* Your assignment *
For the data below, retype word for word the lines from the one containing "A canvas of" through the one containing "Eat a healthy"; drop the pictures.

* Supplied records *
== Segment start ==
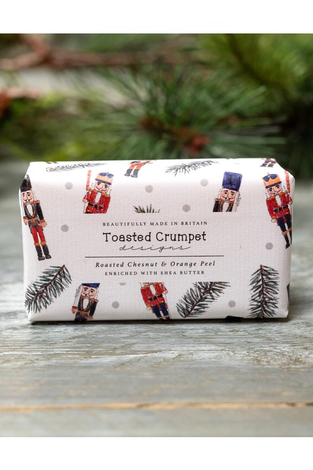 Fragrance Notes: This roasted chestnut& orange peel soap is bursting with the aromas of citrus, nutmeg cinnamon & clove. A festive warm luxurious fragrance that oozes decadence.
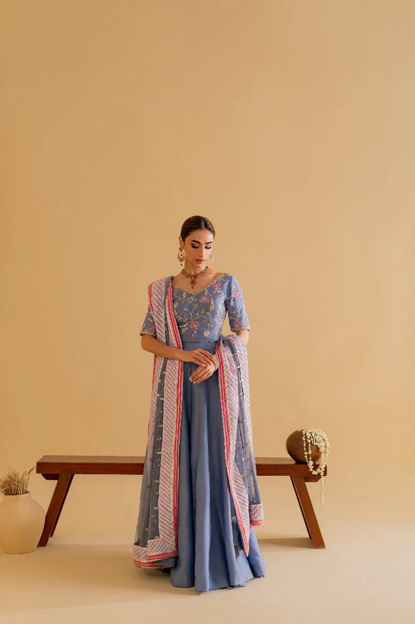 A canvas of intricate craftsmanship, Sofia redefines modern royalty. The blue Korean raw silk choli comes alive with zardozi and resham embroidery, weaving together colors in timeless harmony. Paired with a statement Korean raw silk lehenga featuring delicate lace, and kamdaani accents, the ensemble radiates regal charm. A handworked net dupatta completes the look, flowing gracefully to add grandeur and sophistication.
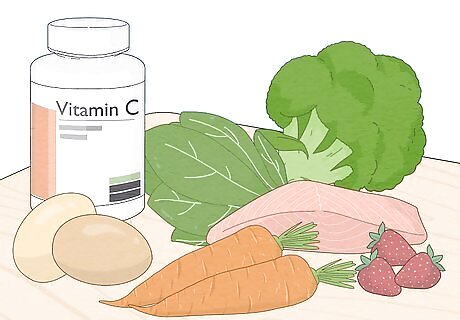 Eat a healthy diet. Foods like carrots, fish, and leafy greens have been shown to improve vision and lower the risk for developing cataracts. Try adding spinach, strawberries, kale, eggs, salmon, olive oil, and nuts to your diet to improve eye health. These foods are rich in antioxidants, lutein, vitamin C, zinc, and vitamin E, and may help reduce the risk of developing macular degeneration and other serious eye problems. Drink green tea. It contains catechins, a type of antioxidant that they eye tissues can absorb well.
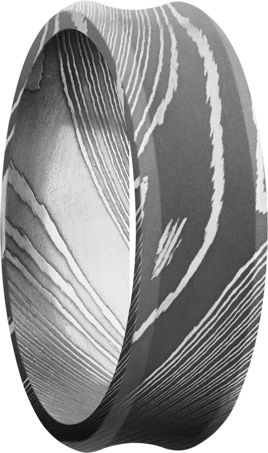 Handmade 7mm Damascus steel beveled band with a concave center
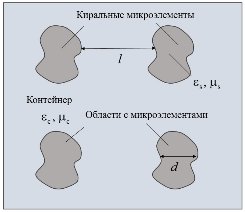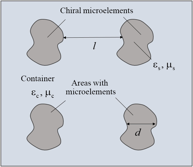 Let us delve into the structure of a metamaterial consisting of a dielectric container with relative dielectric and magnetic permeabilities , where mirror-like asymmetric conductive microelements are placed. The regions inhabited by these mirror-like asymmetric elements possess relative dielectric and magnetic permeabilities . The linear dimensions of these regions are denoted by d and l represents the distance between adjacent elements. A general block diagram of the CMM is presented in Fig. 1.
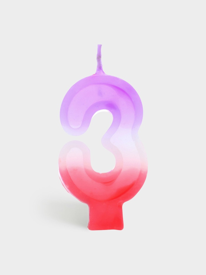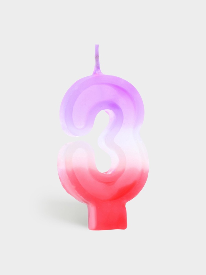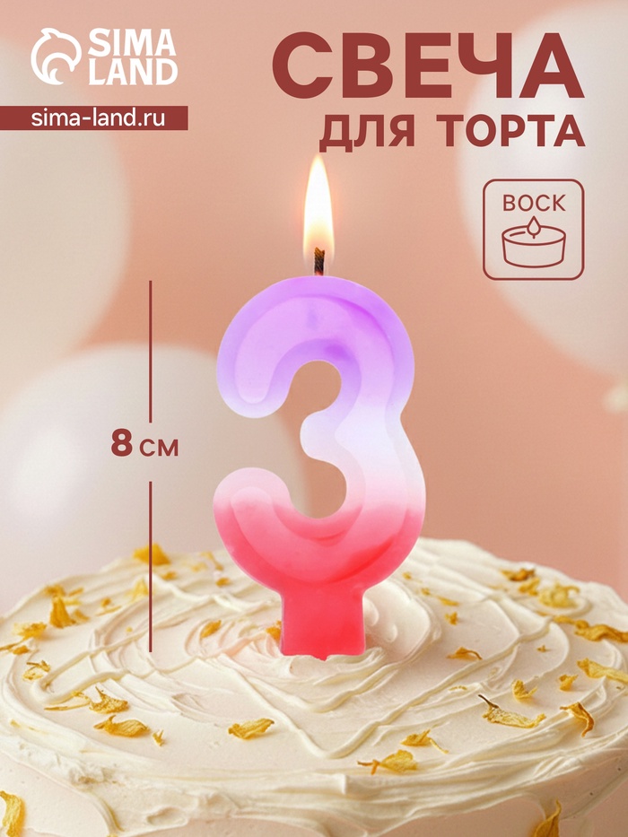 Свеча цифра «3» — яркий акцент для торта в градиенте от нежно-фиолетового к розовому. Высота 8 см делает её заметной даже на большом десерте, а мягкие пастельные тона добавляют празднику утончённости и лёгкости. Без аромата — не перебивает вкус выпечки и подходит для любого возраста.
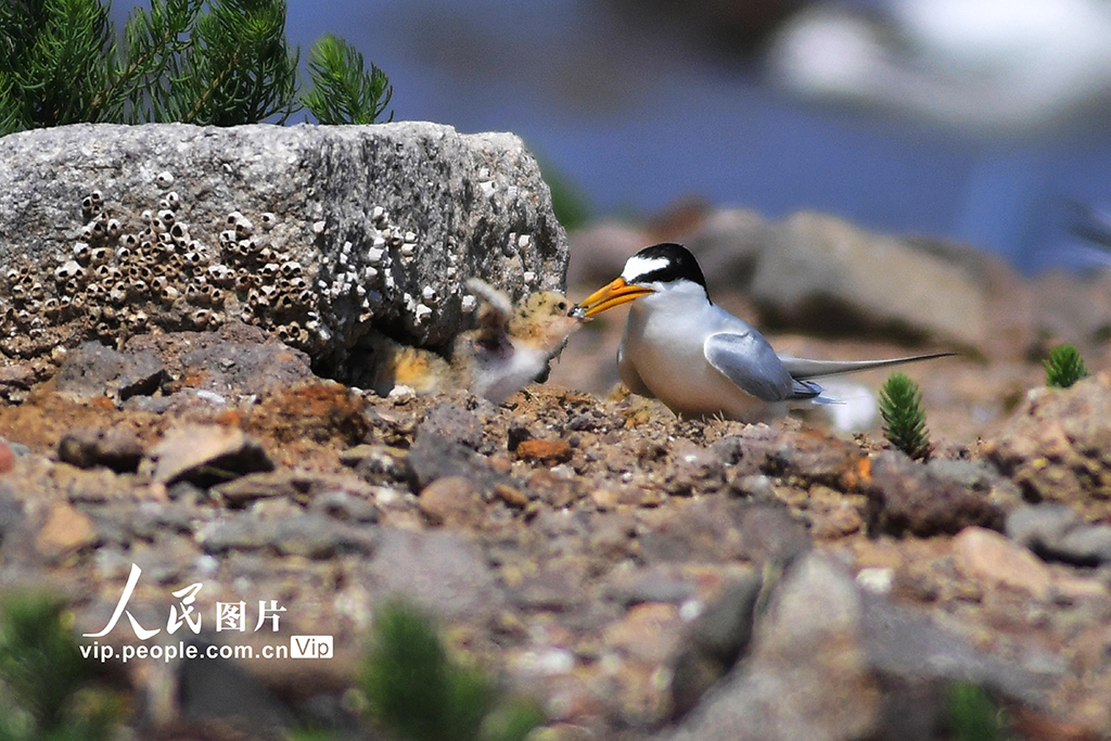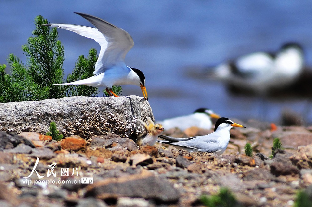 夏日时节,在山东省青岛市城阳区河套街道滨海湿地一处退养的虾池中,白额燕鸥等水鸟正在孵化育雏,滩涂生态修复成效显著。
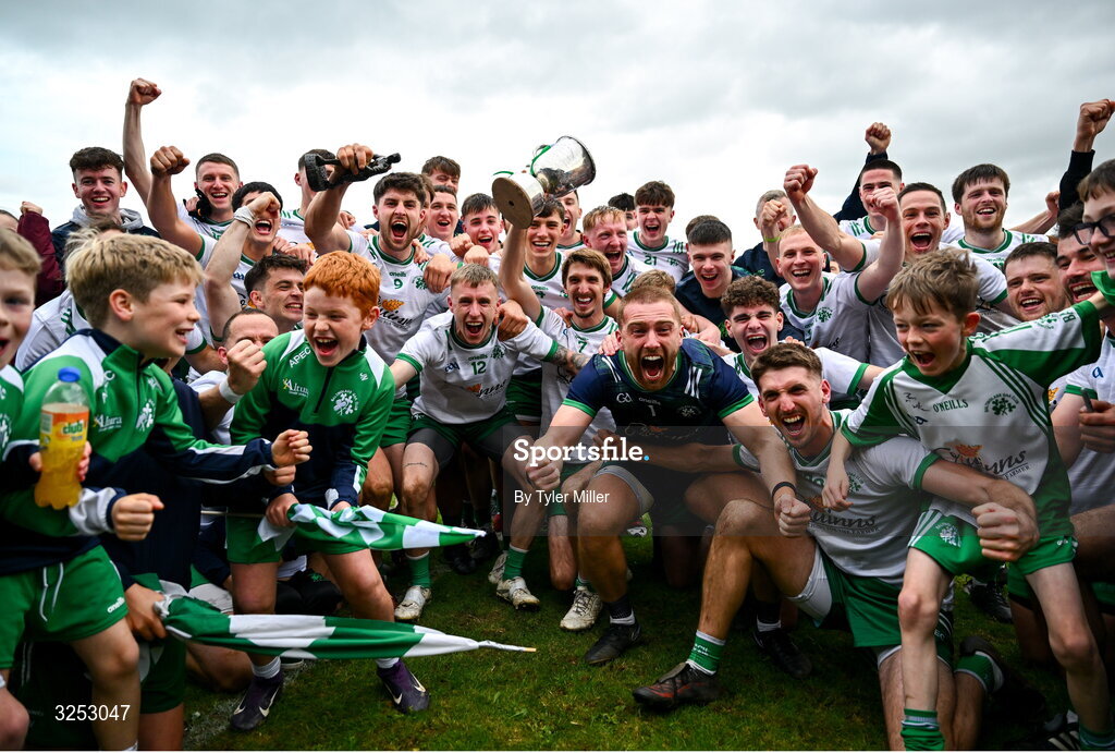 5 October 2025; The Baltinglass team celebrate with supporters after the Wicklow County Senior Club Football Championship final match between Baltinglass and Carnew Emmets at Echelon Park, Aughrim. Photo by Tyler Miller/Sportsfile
== Segment end ==
== Segment start ==
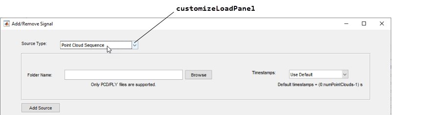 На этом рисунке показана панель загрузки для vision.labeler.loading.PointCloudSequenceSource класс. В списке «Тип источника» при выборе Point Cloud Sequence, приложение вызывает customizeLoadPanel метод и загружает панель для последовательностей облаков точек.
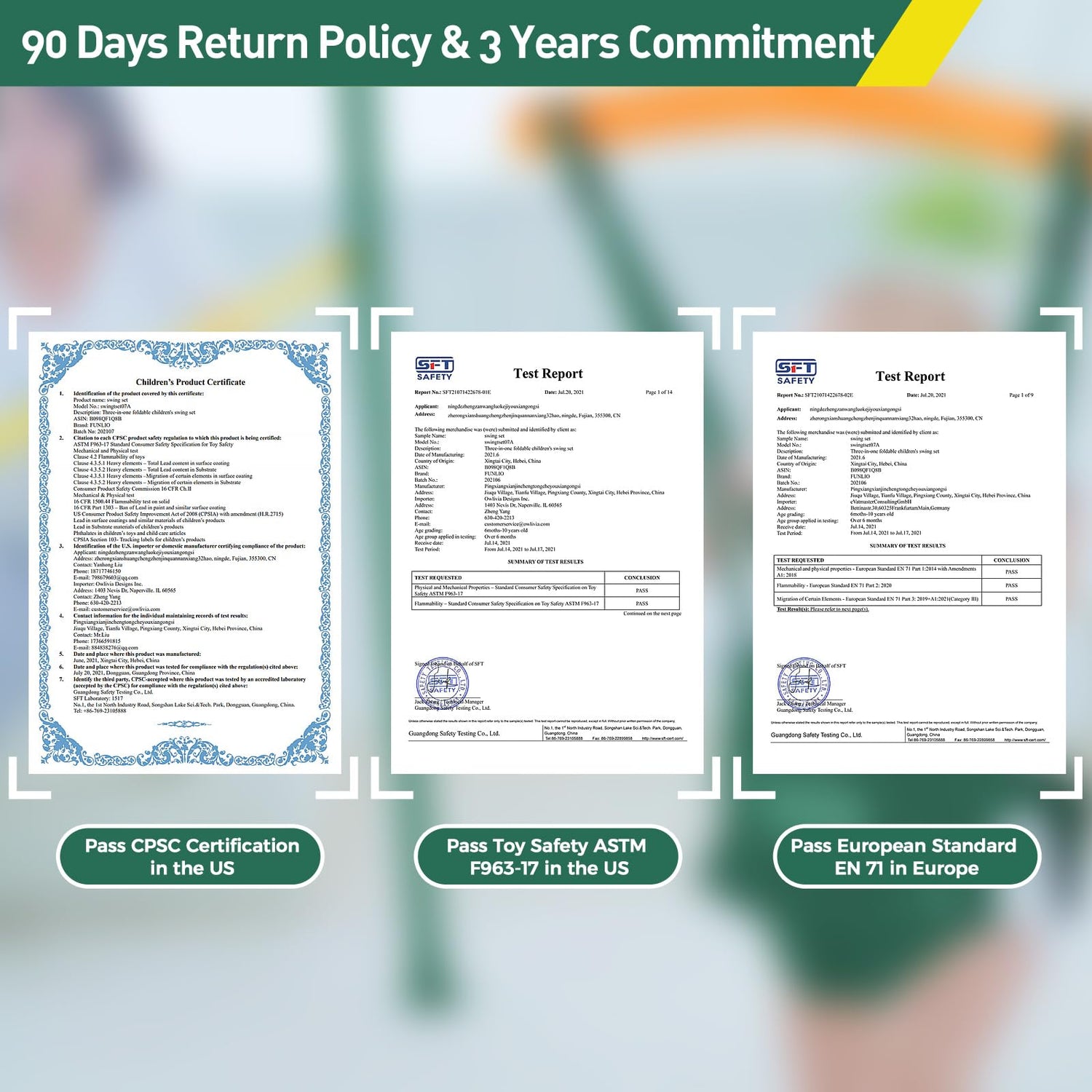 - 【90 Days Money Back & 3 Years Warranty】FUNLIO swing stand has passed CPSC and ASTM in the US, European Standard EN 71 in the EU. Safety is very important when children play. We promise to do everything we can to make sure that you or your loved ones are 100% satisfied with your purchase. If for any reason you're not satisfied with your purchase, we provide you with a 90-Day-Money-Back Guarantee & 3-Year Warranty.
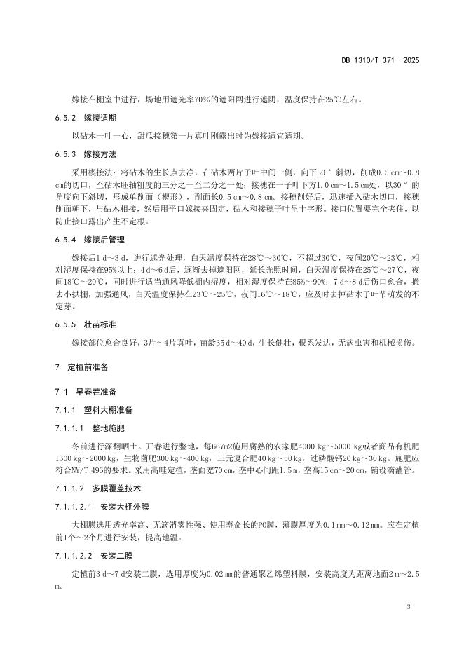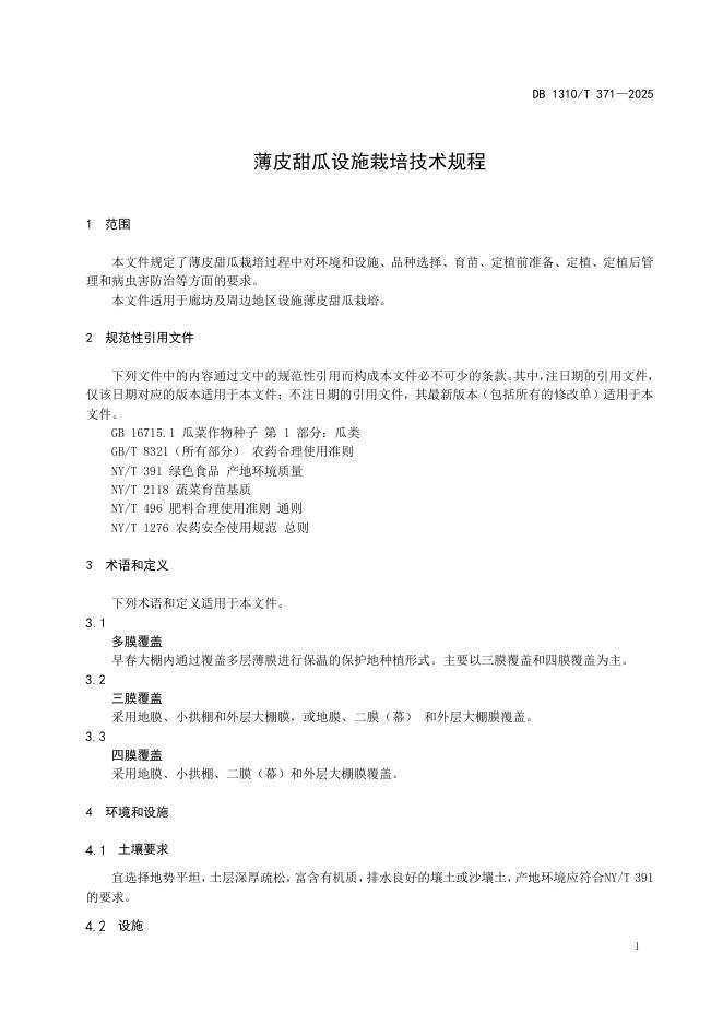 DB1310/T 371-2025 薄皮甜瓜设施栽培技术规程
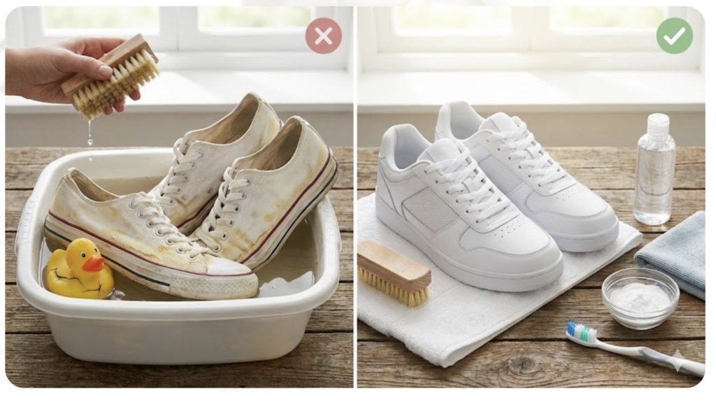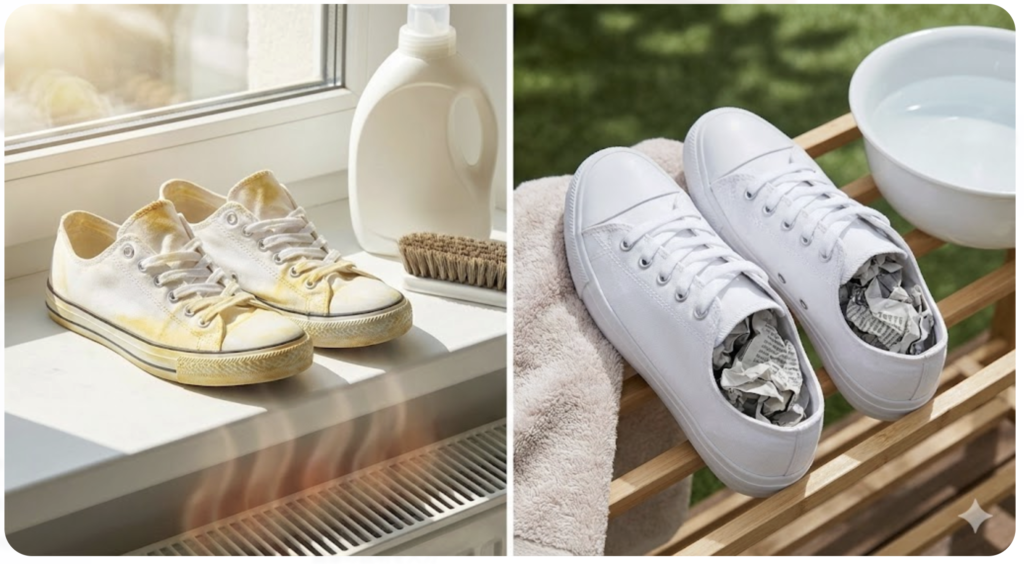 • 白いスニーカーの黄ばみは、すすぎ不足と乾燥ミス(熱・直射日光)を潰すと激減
== Segment end ==
* Exercise output *
 A canvas of intricate craftsmanship, Sofia redefines modern royalty. The blue Korean raw silk choli comes alive with zardozi and resham embroidery, weaving together colors in timeless harmony. Paired with a statement Korean raw silk lehenga featuring delicate lace, and kamdaani accents, the ensemble radiates regal charm. A handworked net dupatta completes the look, flowing gracefully to add grandeur and sophistication.
 Eat a healthy diet. Foods like carrots, fish, and leafy greens have been shown to improve vision and lower the risk for developing cataracts. Try adding spinach, strawberries, kale, eggs, salmon, olive oil, and nuts to your diet to improve eye health. These foods are rich in antioxidants, lutein, vitamin C, zinc, and vitamin E, and may help reduce the risk of developing macular degeneration and other serious eye problems. Drink green tea. It contains catechins, a type of antioxidant that they eye tissues can absorb well.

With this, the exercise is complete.